Yes, and an example of that is our recent acquisition of Alydia Health, which has this great device for postpartum hemorrhage called the Jada System. I think that really underscores our desire and capabilities to get into other areas besides therapeutics. It will depend on the overall landscape and the various partnership opportunities available with academic centers, technology companies, early biotechs, or later-stage products that may be developed by mid-sized pharma companies and others.

How will acquisitions play into the development strategy compared to internal development?

We do not yet have internal discovery capability, so early on in our trajectory we will be a search and development company. But what I do have is staff with exemplary pharmaceutical experience, particularly in the areas of clinical development, medical affairs, and regulatory affairs, so we can bring in assets at a very early stage, either Phase I or Phase II, and won’t be limited to products that are ready to go to file or market.

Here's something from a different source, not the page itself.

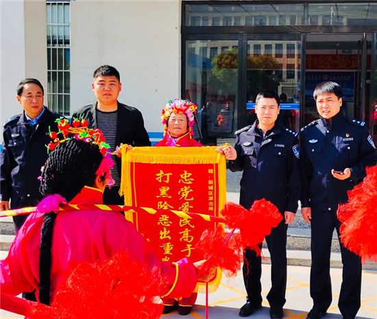 “忠黨愛民高于天,掃黑除惡出重拳。感謝你們神速破案,你們真是群眾的保護神。”5月1日,鄲城縣新城街道辦事處一電動車失主來到新城派出所,送來錦旗,感激地說。

We’re also open to holding the asset in different ways, whether it be an investment, collaboration, partnership, licensing, or acquisition. Twenty years ago, companies behaved a little differently as there were more general acquisitions or straight licensing. But now you see a lot of different forms that are achieving great results.

Is there eventually a goal to get to that point of internal R&D?

It is a goal. A lot of variables go into that, but you could imagine further down the line that we maybe acquire those capabilities and facilities and then they become part of our R&D organization.

Along with women’s health, Organon is also spinning off from Merck with areas focused on biosimilars and established brands. How will those areas play into the company’s R&D strategy?

I like to think of women’s health as the rocket ship for the company, and biosimilars and established brands are like rocket ship fuel boosters. We do think that there’s opportunities in biosimilars. There’s a number of really important bio-originator assets around ophthalmology, immunology, and rare diseases that will approach their patent expiry over the next decade. So lining ourselves up with biosimilar developers and being a strategic registration and commercialization arm for them is part of our projected growth.

When the company launched at the NYSE, it had the “Wall of Voices,” a multimedia installation with all these women speaking about issues they’ve had. How will the company continue to incorporate the voice of women into the R&D process?

Collecting these voices will help bring to the table a ranking of importance, whether it’s symptomatology or diseases, that are most important to women. It should also bring in societal and cultural differences among diseases or phases of life that women are experiencing—a perspective that is really important. For example, with contraception there is a lot of variations that occur societally and culturally around the world as women approach family planning. By bringing those voices in we can better prioritize and understand the needs of women. Women everywhere are invited to add their voice to the digital “Wall of Voices” at HereForHerHealth.com.

What are you personally most excited about as this company gets started?

I look at the area of contraception where there has been so much innovation. Women today have choices of pills, rods, rings, IUDs, long-acting, short-acting—they have so many options to manage their family planning. But comparing that to other disease states and phases of life, the lack of optionality is like a vast deserted wasteland. What happened? Where’s all that innovation? Where’s the investment? That is what excites me more than anything else. The potential for Organon to bring the same kind of innovation to other areas and diseases that companies before us brought to contraception and family planning. If we actually get this right, we can have an impact on women for generations to come and that, to me, is incredible.